5. The method of claim 4, wherein forming an insulating compressive film in the first trench comprises forming a nitrogen-free anti-reflective layer (NFARL), silicon oxide (SiO ₂ ) At least one of a layer, an undoped quartz glass (USG) layer, a silicon carbide layer, and combinations thereof.

6. The method of claim 1, wherein,

patterning a substrate to form a trench includes forming a first hard mask having a first opening on the substrate; and

a first etching process is applied to the substrate through the first opening of the first hard mask.

7. The method of claim 6, wherein etching the substrate comprises:

forming a second hard mask having a second opening on the substrate; and

a second etching process is applied to the substrate through the second opening of the second hard mask, wherein the second opening of the second hard mask is different from the first opening of the first hard mask.

8. The method of claim 1, wherein patterning a substrate to form a trench comprises patterning the substrate to form the trench configured as a plurality of deep trench unit cells, wherein each of the deep trench unit cells comprises a plurality of deep trenches oriented in a same direction.

9. A method of forming a semiconductor structure, comprising:

patterning the substrate to form deep trenches;

etching the substrate, thereby modifying the deep trench;

forming a stack including conductive layers and dielectric layers alternately stacked and folded in the trench; and

an insulating film is formed in the first trench so as to seal a void in the deep trench, wherein the deep trench is configured as a plurality of deep trench unit cells, wherein the deep trenches in each of the deep trench unit cells are oriented in the same direction, and wherein the deep trenches in adjacent deep trench unit cells are oriented in different directions.
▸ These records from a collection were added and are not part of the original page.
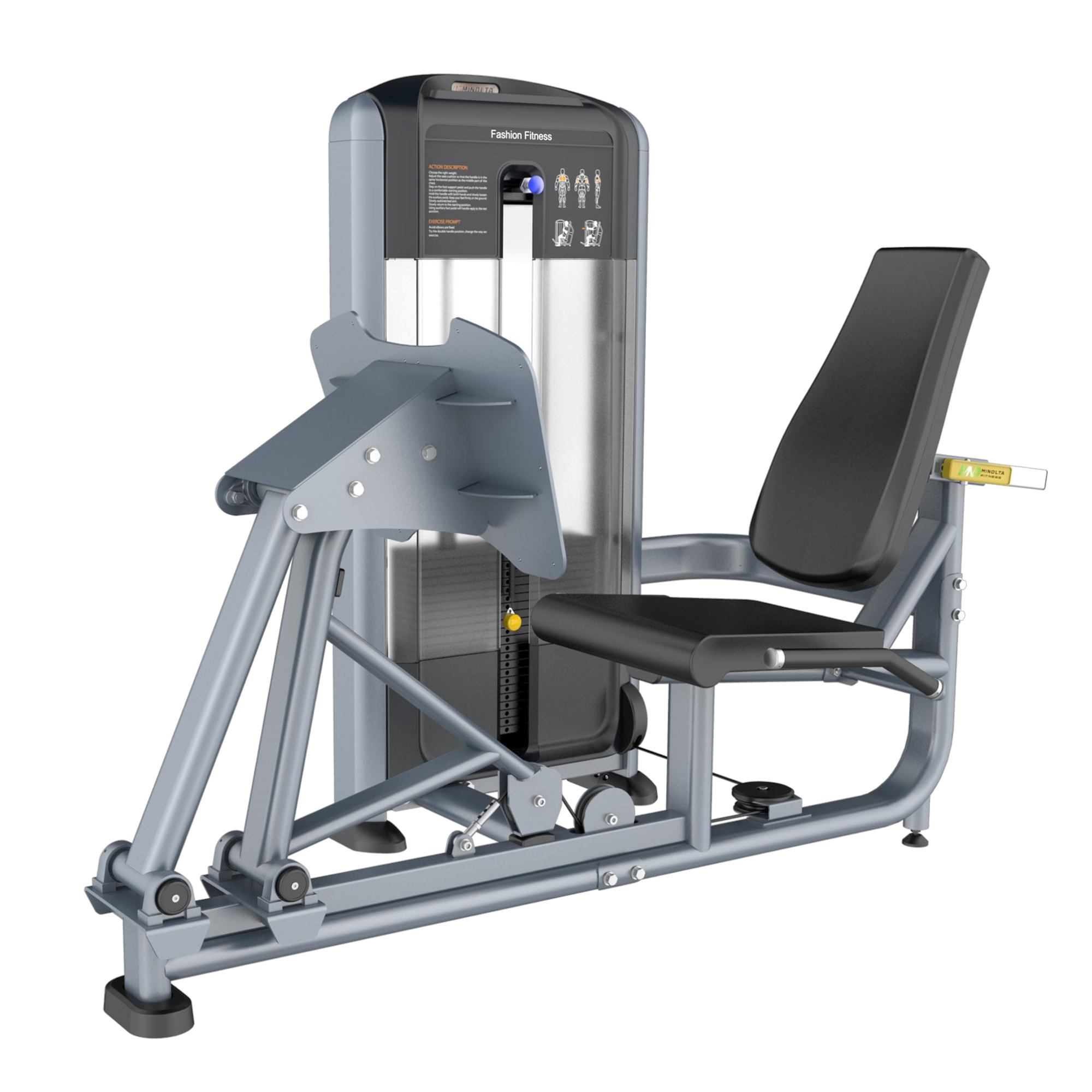 The core frame of the whole machine is built in strict accordance with the established specifications, with layered quality control: the counterweight case adopts 53*156*T3mm large D-shaped steel as the frame, and the moving parts are made of 50*100*T3mm flat oval steel tubes, paired with precision seamless welding process, no burrs, no virtual welding, and stable structure with impact resistance; the surface adopts car-grade baking paint process, bright color and high-grade texture, which can achieve long-term rust prevention, sweat resistance and corrosion resistance, adapting to the humid and sweaty use environment of the gym. The protective cover is made of reinforced ABS one-time injection molding, and the handle decorative cover is made of aluminum alloy, which combines texture and durability, and can easily bear the high-frequency and heavy-weight training needs of the venue.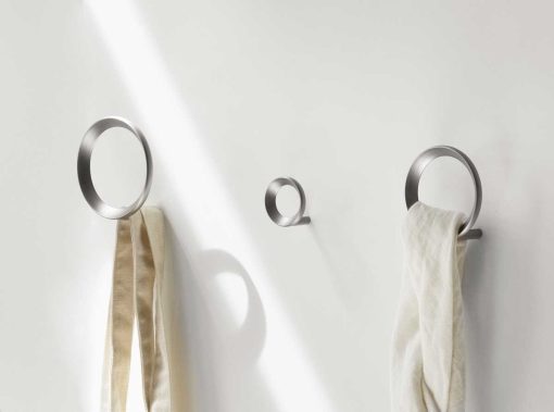 Designed to accommodate many different hanging needs, Loop Hook can be used to hang items in multiple ways, offering additional functionality compared to classic hooks. A coat can easily be slung over the hook, an umbrella through the loop or a clothes hanger hung over the discreet wall piece. Loop comes in three different sizes.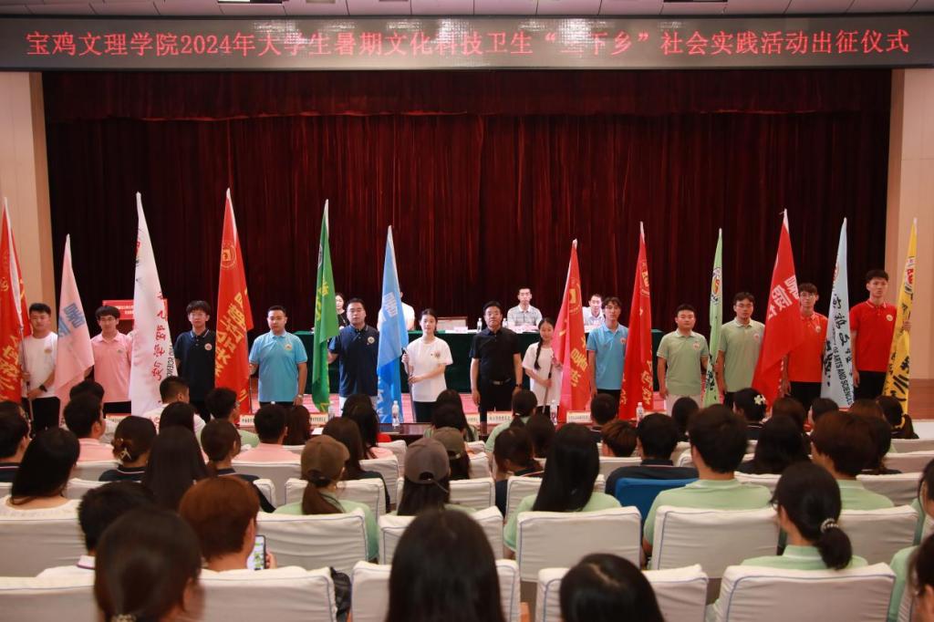 7月3日,学校在高新校区音乐厅举行了2024年大学生暑期文化科技卫生“三下乡”社会实践活动出征仪式。校党委副书记韩干校出席活动并为各校级实践团队授旗,校团委副书记杨昕主持出征仪式。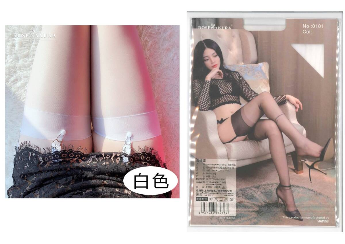 - ホワイト色 Rosesakura/品番0101/5デニール光沢/100%ナイロン/シームレスガーターストッキング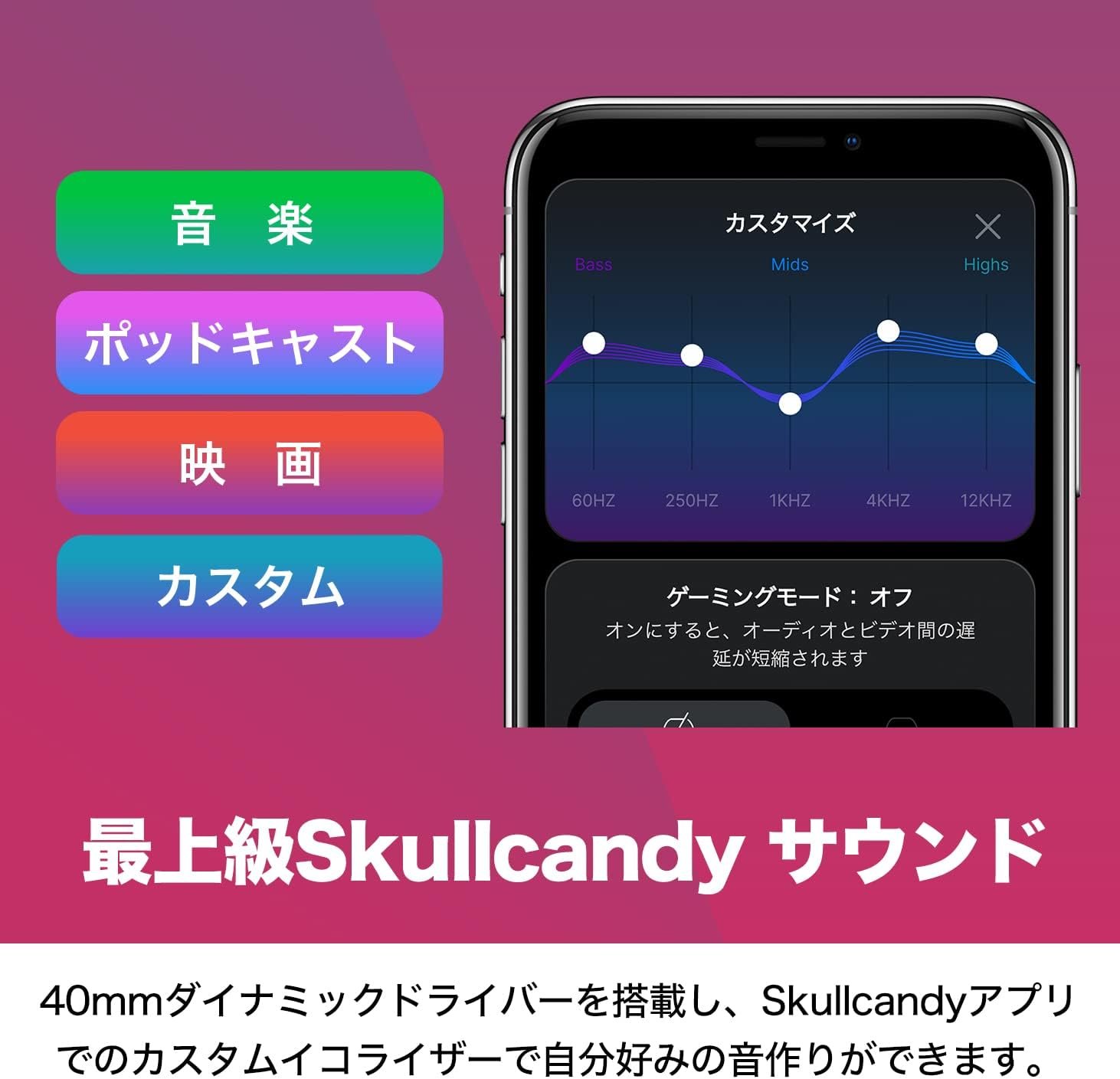 40mmのダイナミックドライバーは、印象的なSkullcandy SoundyouがSkullcandyアプリのカスタムイコライザーで独自のサウンドを作成し、音楽に浸ることもできます。

10. A semiconductor structure, comprising:

a plurality of deep trenches formed on a substrate;

a stack of conductive layers and dielectric layers alternately disposed in the plurality of deep trenches; and

conductive plugs bonded on the conductive layers, respectively, wherein the deep trenches are configured as a plurality of deep trench unit cells, and wherein the plurality of deep trenches in each of the deep trench unit cells are oriented in the same direction.